Por E. Raúl Zaffaroni*
(para La Tecl@ Eñe)
Desde hace más de dos meses otro presidente de nuestra América está preso: Pedro Castillo. La opinión “publicada” por los medios hegemónicos, usualmente llamada “pública”, afirma que atentó contra la democracia, colocándolo a la par de Fujimori quien, a modo de broma de mal gusto, cumple su pena por delito de lesa humanidad en la misma cárcel “especial”, donde ambos son los únicos huéspedes. De paso, muestran a Castillo como un desequilibrado, al que un día se le ocurrió pronunciar un discurso ordenando el cierre del Congreso y la convocatoria a elecciones y a una asamblea constituyente.
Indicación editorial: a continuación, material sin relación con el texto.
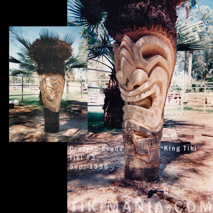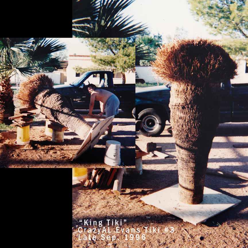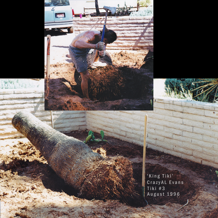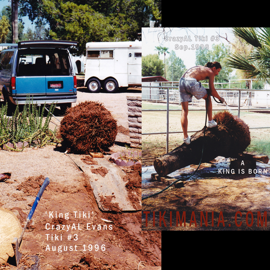 carved in the Early Fall of 1996 was a commission brought forth by the synergy of 1995's "Tiki Revivalists." "King Tiki" is a commission of sorts by the La Luz de Jesus Gallery, Hollywood CA. CrazyAL had a blank slate to create a new piece!! He thought to himself, "why not the King of all Tikis!" with a Crown, a Scepter, and Conquered Subject. This third tiki would use the design elements CrazyAL had developed over the last 5 years and his new 'Bone Productions' Products. These would be elements such as humanoid fingers, toes, tongue and hollow geometric eyes and 'Beachcombed' found objects. ![]() CrazyAL had his first Commission for large tikis!! and a tree gave itself up at just the right time. And! He could salvage a Root Ball! Days after just finishing his first two tikis, CrazyAL received a phone call (maybe even an email!?!) from Otto von Stroheim who was curating one of the first large 'Tiki Art' shows of the new revival scene. CrazyAL the fledgling Tiki Artist knew he had a giant 'root ball' back in AZ in his parents' front yard... Off to AZ he went in late September to get his third tiki done in time for the October 4th show!! ![]() How cool to crave the another "Art Piece' tiki in the front yard of Scottsdale AZ that had many a GI Joe Jeep track in it. CrazyAL and his dad had just removed this dying Palm. ![]() CrazyAL's Mom handed the reigns over for hours of more washing! ![]() "Greco-Roman" Forklift via High School Bud! ![]() ![]() Without Further Ado Conch Shell Blow Please!! Tiki #3! King Tiki!! 'Tiki with Sprinkler'

Es claro que, atendiendo a las fuentes de esta información, todo indica que se trata de una gran mentira. Pero si bien no son creíbles quienes califican de “terroristas” a los seguidores de Castillo (“terrucos”, expresión despectiva) y menos los penosos discursos de Dina Boluarte, la intencional confusión generada por la información maliciosa tiene como objetivo ocultar la racionalidad política de la conducta de Castillo, que para nada fue disparatada.
¿Qué fue lo que hizo y por lo que está preso ahora Castillo? ¡Un discurso! Nada más que un discurso, en un episodio que no duró más de dos horas. En ese discurso ordenó teatralmente la disolución del Congreso y la convocatoria a elecciones y a constituyente. Terminado el discurso partió hacia la embajada de México para asilarse diplomáticamente, pero su propia custodia lo detuvo en el trayecto, a punta de pistola, incluso apuntando a su hija de diez años que lo abrazaba. Dicho de esta manera, esto carece de sentido, pero otra muy diferente es la perspectiva cuando ubicamos el hecho en su correspondiente contexto.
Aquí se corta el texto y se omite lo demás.